All the preceding data manipulation could be done in SQL or in basic spreadsheet like Excel. At this point, the best method would be to link the SQL database with the statistical program R. Using R in conjunction with some scripting language like Perl, I would begin running a regression the minor league stats vs each of the major league stats that show success. When the regression is run, parameters could be set to remove certain players (I.e. set a minimum required number of at bats in the minors and/or majors).

The minor league data will have to have some human involvement here making sure the data being looked at makes sense. If we are looking at runs allowed, we would not want to look at total strikeouts because those in the minor longer would have more. Instead the data will need to be in a rate stat like strikeouts per nine innings. For example, major league ERA is the stat that is considered to be important, and when the regression was run, it was shown that high K/9 and low HR/9 and BB/9 are the minor league stats that most closely lead to major league success.

With the regression run for all the players, we would know how much error and variance is involved in the final data.

What impact would going to a 4-man rotation have on a Club's bullpen?

If a team would go to a four man rotation, several different pieces of data would need to be collected. The first piece of data I would collect is from the team/coaches on how many pitches the starters would be allowed to throw.

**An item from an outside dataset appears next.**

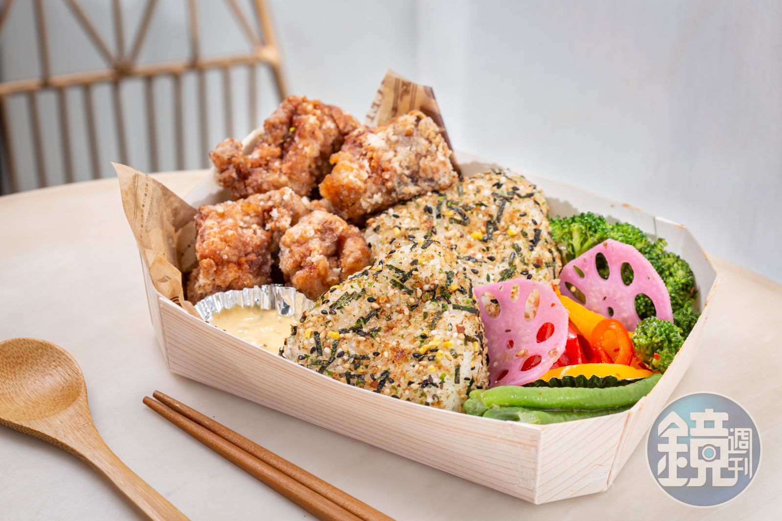 為了做出獨特性,老闆Wing和妹妹Sandy堅持手作料理,不用市售的現成食材。像是「炸雞飯糰」都是一顆顆手工捏製,飯糰外裹著一層香鬆粉,有柴魚和海苔的鹹香,米粒口感軟硬適中;炸雞是用當天新鮮雞肉,醃漬後再蘸日本馬鈴薯粉油炸,外皮薄酥、肉嫩入味。配菜大多用水煮,清爽無負擔。

Most of the data on 4 man rotations is from at least 20 years ago when starters went more innings than they currently do. I could look back at these patterns and see what worked then or didn't, but if the team has no plans to have each of their starting pitchers go 130 pitches, the data would be useless. Also, I would need to know how long the relievers would be allowed to pitch on any night and how many days in a row they would be allowed to pitch. Finally, I would need to know when the coaches want to use the relievers, such as the closer will only only be used in a save situation in the ninth innings or someone else will only be used for long relief when needed.

Once the team's limitations are known, I would take the 4 known starters and all the possible starters that could be used when one of the four initial starters gets hurt or their performance is sub par. Using data from (.xml data) imported into an .SQL database, I would find how many innings the starter can go knowing the limited pitch count. If the pitcher was allowed to throw more pitches previously with a 5 man rotation, I would then limit them to the inning when the pitch count was reached. The distance the starter goes, on average, can easily be determined along with the frequency of the distance the starter could go in any game depending on how much they have pitched in previous games.

Next a bullpen usage grid would need to be created for all possible relievers. For example the closer can throw 1 inning two nights in a row, as long as he didn't throw 2 innings the previous day. This could get a little complex, but would be needed fully completed to determined the feasibility of the 4 man rotation.

The process can now be automated by writing a program that would take the starters and the available bullpen and see if the bullpen would be used knowing how usage of the starters and relievers. For example, for the first game the starting pitchers goes 6 innings and three relievers would be needed for inning each to finish the game.

The program at this point could be as simple or complex as need. It would run with just the set number of pitchers or actually calculate in possible injuries. The game's score would added in depending on how far the starting pitcher could go in the game. It would then run several thousand times to look for all possible situations that the bullpen is inadequate.

One possible problem detected would be when the bullpen would not be able to keep up and their usage exceeds that available. The teams currently bullpen only has 1 long reliever, but do to the tendencies of the starting pitchers, there may be case where a 2nd long reliever is needed before the first is fully rested.

Another aspect that could be detected is the the usages of each reliever. If the team is carrying 3 long relievers, but only two are needed, the program would show which are getting under or over utilized.